• Required work
I'd like the records transcribed exactly, leaving the images out.

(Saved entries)
· · ·

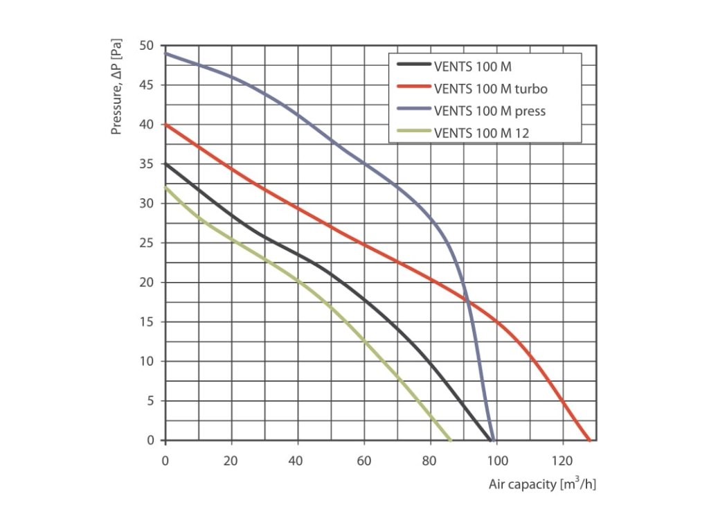 Axiálne ventilátory VENTS 100M turbo sú určené pre odvetranie WC, kúpeľní a iných bytových priestorov. Vzhľadom na ich parametre sa odporúča ventilátory používať v kombinácií s kratším vzduchotechnickým potrubím.
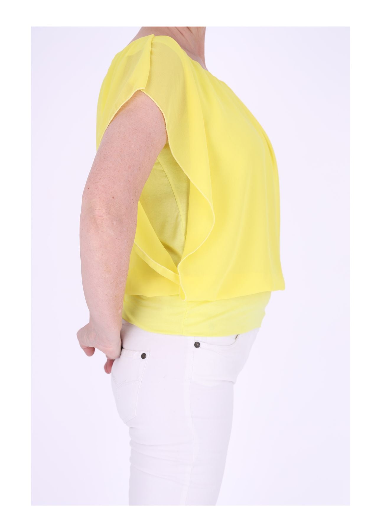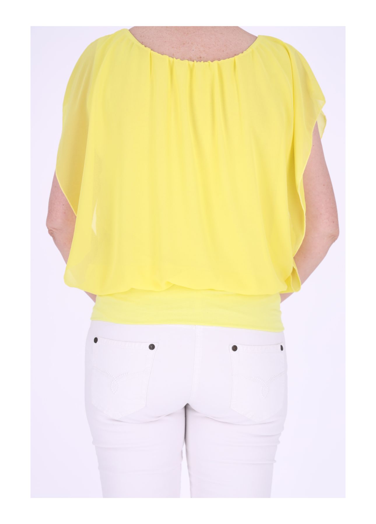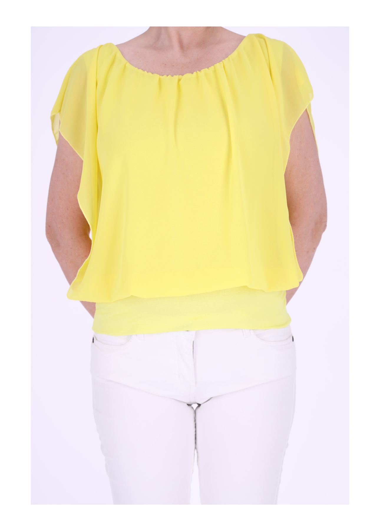 Dieses T-Shirt ist zweilagig und hat ein Obermaterial in eleganter Tülloptik, während das Untermaterial aus weichem Jersey besteht. Durch den Bund am unteren Saum fällt der Stoff des Shirts besonders luftig und locker. Der Kragen ist gerafft und verleiht dem T-Shirt einen besonderen Akzent. Das zweilagige Design sorgt dafür, dass das T-Shirt sehr bequem ist. Das untere Top ist enganliegend, wodurch das Shirt in jeder Situation blickdicht ist.
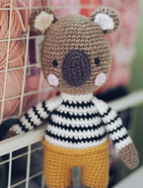 Игрушка вяжется снизу вверх одной деталью, ручки ввязываются по ходу вязания тела, хвостик вывязывается. Ушки пришиваются к игрушке.
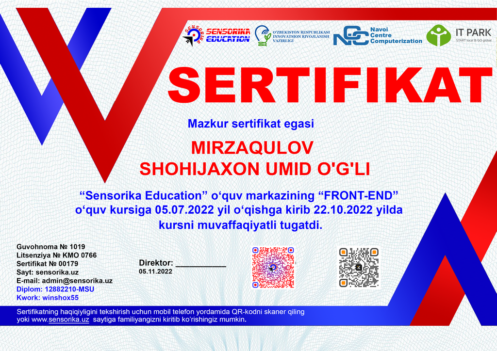 Sertifikat raqami: 12882210-MSU
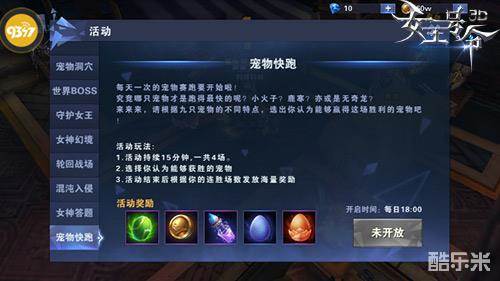 你可以一路跟随参赛选手,但是不要尝试给它们打气,因为这会让你看起来显得相当愚蠢,毕竟它们根本不知道你在说些什么!《女王号令》之中的“宠物快跑”活动玩法,会在每日的18:00开启,赛事将会持续15分钟,一共举行4场。而在比赛开始之后,就只能看被选中的宠物的表现了。
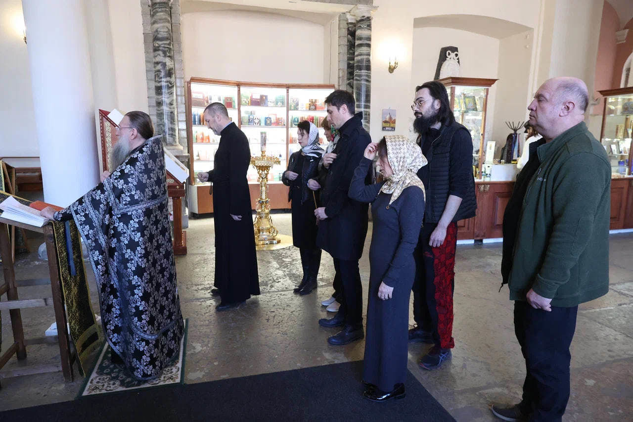 В годовщину теракта в кафе на Университетской набережной Петербурга, в котором погиб военкор и блогер Максим Фомин (творческий псевдоним – Владлен Татарский) и пострадали более 50 человек, в Благовещенской церкви Александро-Невской лавры были совершены благодарственный молебен о здравии выживших и панихида по погибшему журналисту.
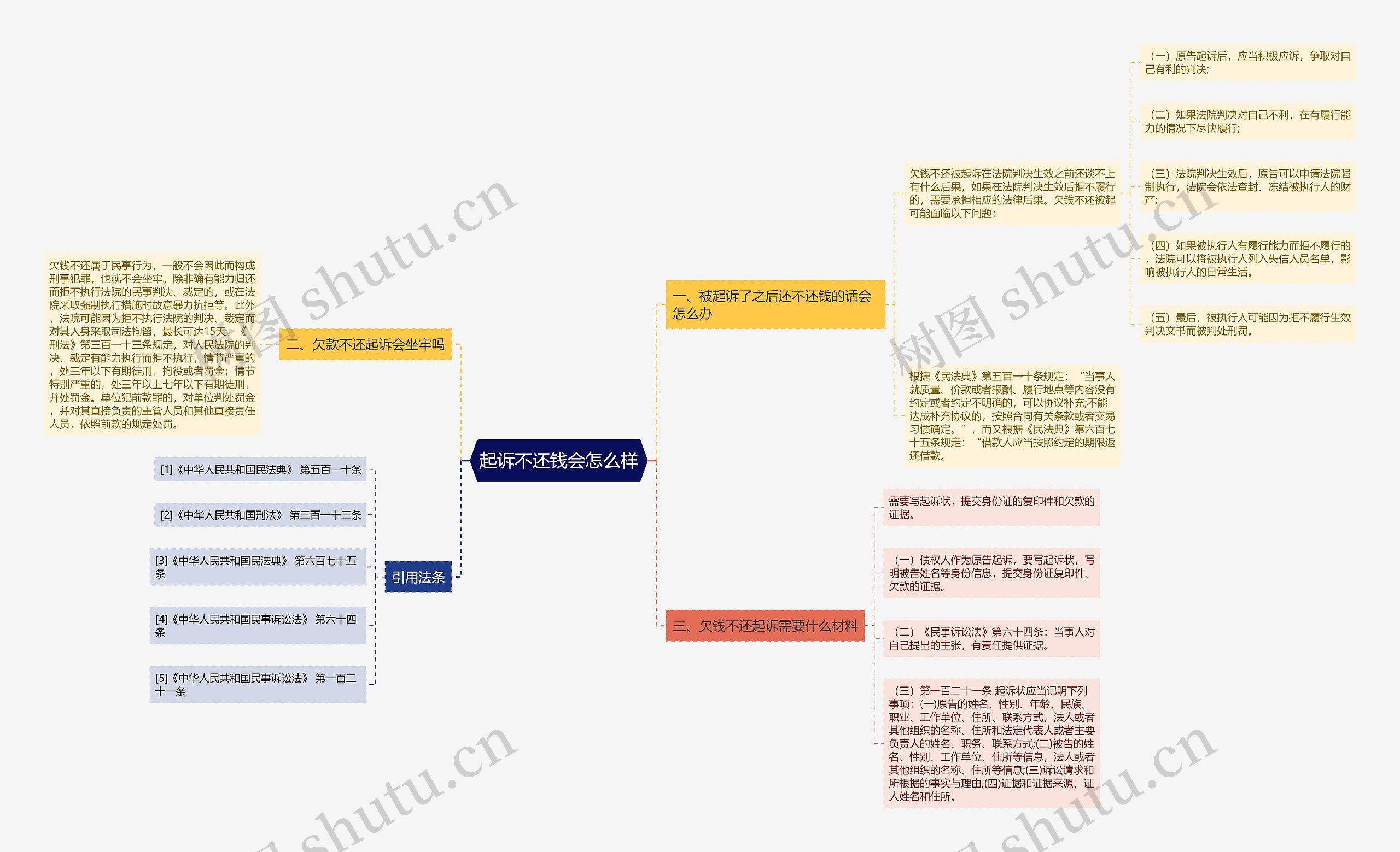 树图思维导图提供《起诉不还钱会怎么样》在线思维导图免费制作,点击“编辑”按钮,可对《起诉不还钱会怎么样》进行在线思维导图编辑,本思维导图属于思维导图模板主题,文件编号是:111d364fc0f3a64e8eda757c7deb8d48
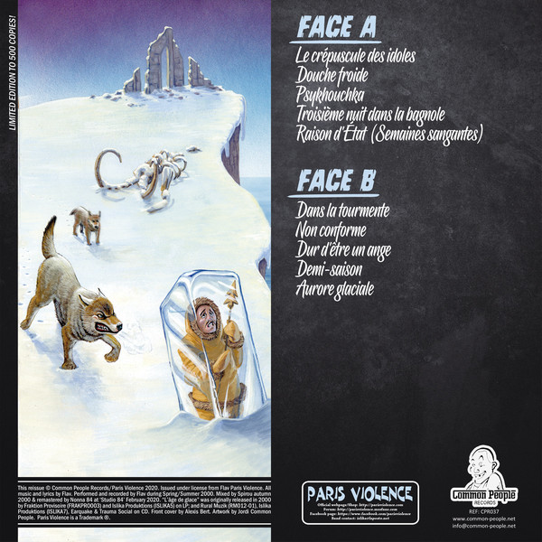 Paris Violence has never exactly played standard-issue Oi, but 20 years ago, Flav took things to the next level when releasing L’âge de glace – an album informed by his earlier ‘Chaos en France on a rainy Monday’ sound, but also by the eminently continental ‘cold wave’ genre and NWOBEM (New Wave of British ‘Eavy Metal). The result was arguably one of the coldest and strangest albums linked to the Oi genre, fully living up to its title: ice age.
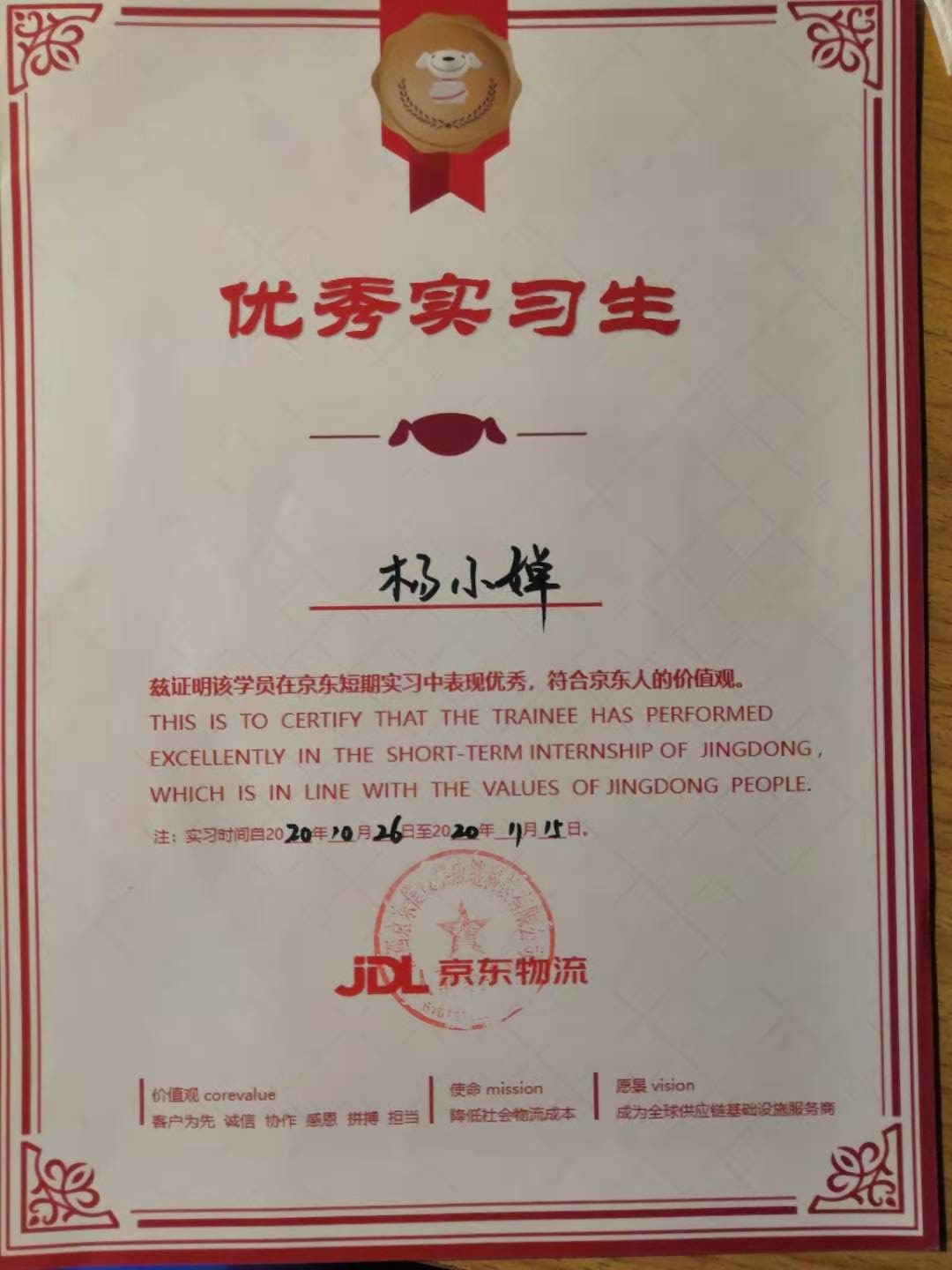 在本次集中实习中,威尼斯官网学生有拼劲、有想法,认真学习、克服苦难,充分展现了威尼斯官网学生的素质与能力,获得了京东西北区管理者的一致好评,在京东西北区双十一大促合作的17所院校中获得综合评价第一的优异成绩。其中,张文静、惠琛等4名同学获得京东西北区“绿色就业通道”证书,胡发彩、邱苑玲等11名同学获得“优秀实习生”称号,所有参与实习的同学均获得京东西北区“新锐之星”管培生最终面试资格,并在终极面试中,有10名同学拿到京东西北区“新锐之星”管培生的offer。
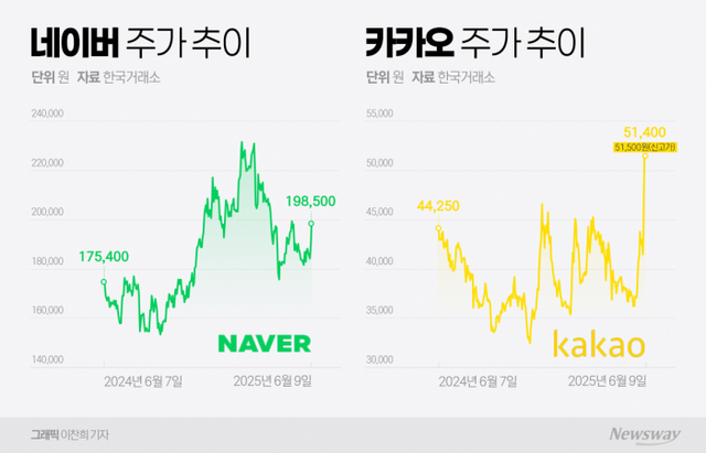 네이버와 카카오의 주가는 이재명 정부 출범 이후 강세를 지속하고 있다. 새 정부가 국내외 거대 플랫폼의 독점적 지위 남용과 독과점을 방지하는 '온라인 플랫폼법' 제정을 공약으로 제시했다. 다만 관련 업계에서는 업계 전반에 걸친 규제 대신 해외 거대 플랫폼 기업을 위주로 한 핀셋 규제와 자국 플랫폼 산업 생태계를 지원하는 방식으로 산업 진흥에 나설 것이라는 전망에 무게를 싣고 있다.
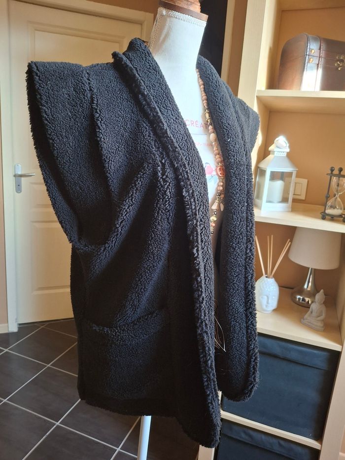 Jolie veste sans manche noire en fausse fourrure, moumoute mouton bouclette teddy ( je ne sais pas trop comment décrire la matière 🤣), neuve encore étiquetée, taille unique elle convient à toutes morphologies car ne se ferme pas. Très agréable a porter quand il fait froid.
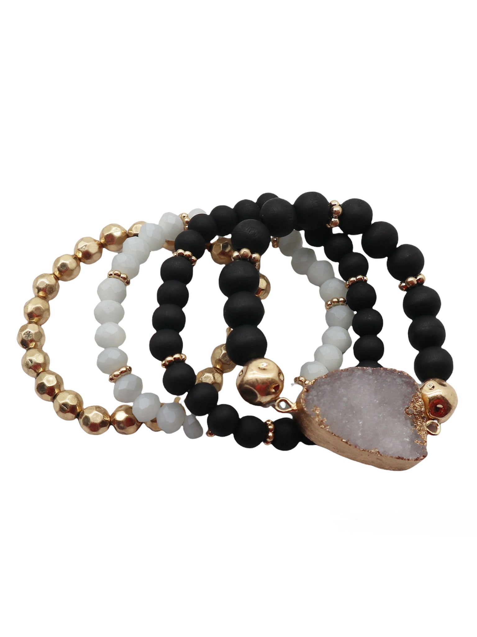 We love a cute druzy stone piece and this bracelet is no exception! Featuring gold accents and beaded wood bracelets you can wear together or separately, you don't want to miss this bracelet!
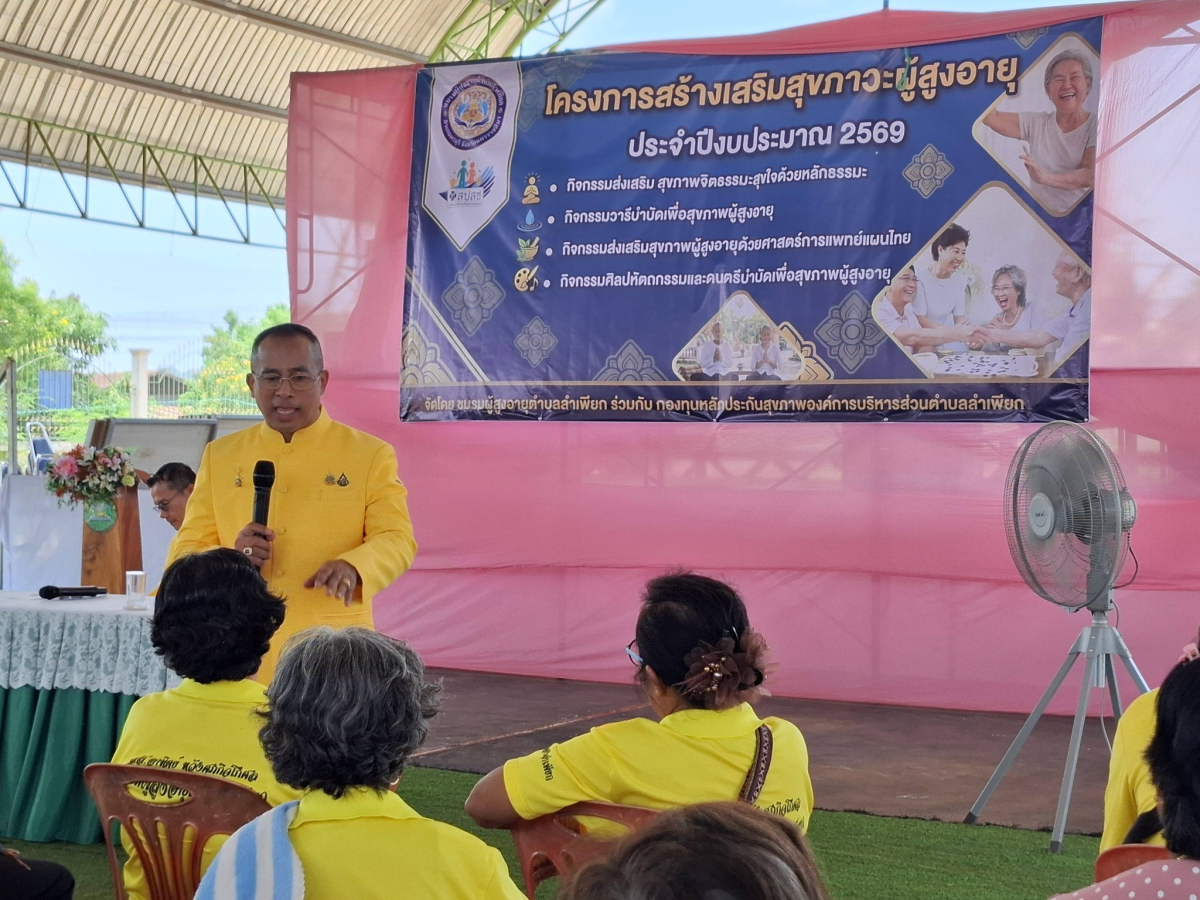 2 เมษายน 2569 ชมรมผู้สูงอายุตำบลลำเพียก ได้รับการสนับสนุนงบประมาณจากกองทุนหลักประกันสุขภาพองค์การบริหารส่วนตำบลลำเพียก ได้จัดกิจกรรม โครงการสร้างเสริมสุขภาวะผู้สูงอายุ ประจำปีงบประมาณ 2569 ณ อาคารโดมองค์การบริหารส่วนตำบลลำเพียก ภายในงานมี การจัดกิจกรรมส่งเสริม สุขภาพจิตธรรมะสุขใจด้วยหลักธรรมะ โดยท่าน ดร.มหาสมศักดิ์ สนพะเนาว์
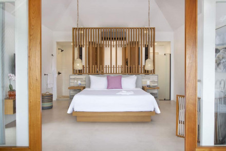 Auf Paare ausgerichtetes Strandresort nur für Erwachsene in einer geschützten Bucht. Jede der Suiten im Loft-Stil ist modern und minimalistisch eingerichtet und verfügt über ein Bad im Freien und einen privaten Pool; die besten bieten einen atemberaubenden Meerblick. Ein All-inclusive-Paket macht das Essen einfach und kostengünstig. Romantischer Rückzugsort am Strand.
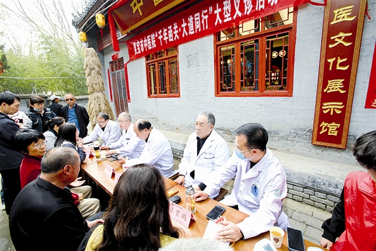 4月2日,灵宝市中医院组织医护人员在函谷关景区开展大型义诊活动,为游客和周边群众免费检查身体,提供医疗咨询服务。 本报记者 何英杰 摄
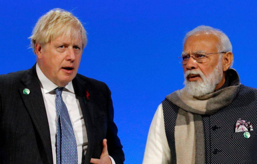 ▲英國(guó)首相約翰遜和印度總理莫迪出席大會(huì)

· · ·

• Solution to this task
 Axiálne ventilátory VENTS 100M turbo sú určené pre odvetranie WC, kúpeľní a iných bytových priestorov. Vzhľadom na ich parametre sa odporúča ventilátory používať v kombinácií s kratším vzduchotechnickým potrubím.
 Dieses T-Shirt ist zweilagig und hat ein Obermaterial in eleganter Tülloptik, während das Untermaterial aus weichem Jersey besteht. Durch den Bund am unteren Saum fällt der Stoff des Shirts besonders luftig und locker. Der Kragen ist gerafft und verleiht dem T-Shirt einen besonderen Akzent. Das zweilagige Design sorgt dafür, dass das T-Shirt sehr bequem ist. Das untere Top ist enganliegend, wodurch das Shirt in jeder Situation blickdicht ist.
 Игрушка вяжется снизу вверх одной деталью, ручки ввязываются по ходу вязания тела, хвостик вывязывается. Ушки пришиваются к игрушке.
 Sertifikat raqami: 12882210-MSU
 你可以一路跟随参赛选手,但是不要尝试给它们打气,因为这会让你看起来显得相当愚蠢,毕竟它们根本不知道你在说些什么!《女王号令》之中的“宠物快跑”活动玩法,会在每日的18:00开启,赛事将会持续15分钟,一共举行4场。而在比赛开始之后,就只能看被选中的宠物的表现了。
 В годовщину теракта в кафе на Университетской набережной Петербурга, в котором погиб военкор и блогер Максим Фомин (творческий псевдоним – Владлен Татарский) и пострадали более 50 человек, в Благовещенской церкви Александро-Невской лавры были совершены благодарственный молебен о здравии выживших и панихида по погибшему журналисту.
 树图思维导图提供《起诉不还钱会怎么样》在线思维导图免费制作,点击“编辑”按钮,可对《起诉不还钱会怎么样》进行在线思维导图编辑,本思维导图属于思维导图模板主题,文件编号是:111d364fc0f3a64e8eda757c7deb8d48
 Paris Violence has never exactly played standard-issue Oi, but 20 years ago, Flav took things to the next level when releasing L’âge de glace – an album informed by his earlier ‘Chaos en France on a rainy Monday’ sound, but also by the eminently continental ‘cold wave’ genre and NWOBEM (New Wave of British ‘Eavy Metal). The result was arguably one of the coldest and strangest albums linked to the Oi genre, fully living up to its title: ice age.
 在本次集中实习中,威尼斯官网学生有拼劲、有想法,认真学习、克服苦难,充分展现了威尼斯官网学生的素质与能力,获得了京东西北区管理者的一致好评,在京东西北区双十一大促合作的17所院校中获得综合评价第一的优异成绩。其中,张文静、惠琛等4名同学获得京东西北区“绿色就业通道”证书,胡发彩、邱苑玲等11名同学获得“优秀实习生”称号,所有参与实习的同学均获得京东西北区“新锐之星”管培生最终面试资格,并在终极面试中,有10名同学拿到京东西北区“新锐之星”管培生的offer。
 네이버와 카카오의 주가는 이재명 정부 출범 이후 강세를 지속하고 있다. 새 정부가 국내외 거대 플랫폼의 독점적 지위 남용과 독과점을 방지하는 '온라인 플랫폼법' 제정을 공약으로 제시했다. 다만 관련 업계에서는 업계 전반에 걸친 규제 대신 해외 거대 플랫폼 기업을 위주로 한 핀셋 규제와 자국 플랫폼 산업 생태계를 지원하는 방식으로 산업 진흥에 나설 것이라는 전망에 무게를 싣고 있다.
 Jolie veste sans manche noire en fausse fourrure, moumoute mouton bouclette teddy ( je ne sais pas trop comment décrire la matière 🤣), neuve encore étiquetée, taille unique elle convient à toutes morphologies car ne se ferme pas. Très agréable a porter quand il fait froid.
 We love a cute druzy stone piece and this bracelet is no exception! Featuring gold accents and beaded wood bracelets you can wear together or separately, you don't want to miss this bracelet!
 2 เมษายน 2569 ชมรมผู้สูงอายุตำบลลำเพียก ได้รับการสนับสนุนงบประมาณจากกองทุนหลักประกันสุขภาพองค์การบริหารส่วนตำบลลำเพียก ได้จัดกิจกรรม โครงการสร้างเสริมสุขภาวะผู้สูงอายุ ประจำปีงบประมาณ 2569 ณ อาคารโดมองค์การบริหารส่วนตำบลลำเพียก ภายในงานมี การจัดกิจกรรมส่งเสริม สุขภาพจิตธรรมะสุขใจด้วยหลักธรรมะ โดยท่าน ดร.มหาสมศักดิ์ สนพะเนาว์
 Auf Paare ausgerichtetes Strandresort nur für Erwachsene in einer geschützten Bucht. Jede der Suiten im Loft-Stil ist modern und minimalistisch eingerichtet und verfügt über ein Bad im Freien und einen privaten Pool; die besten bieten einen atemberaubenden Meerblick. Ein All-inclusive-Paket macht das Essen einfach und kostengünstig. Romantischer Rückzugsort am Strand.
 4月2日,灵宝市中医院组织医护人员在函谷关景区开展大型义诊活动,为游客和周边群众免费检查身体,提供医疗咨询服务。 本报记者 何英杰 摄
 ▲英國(guó)首相約翰遜和印度總理莫迪出席大會(huì)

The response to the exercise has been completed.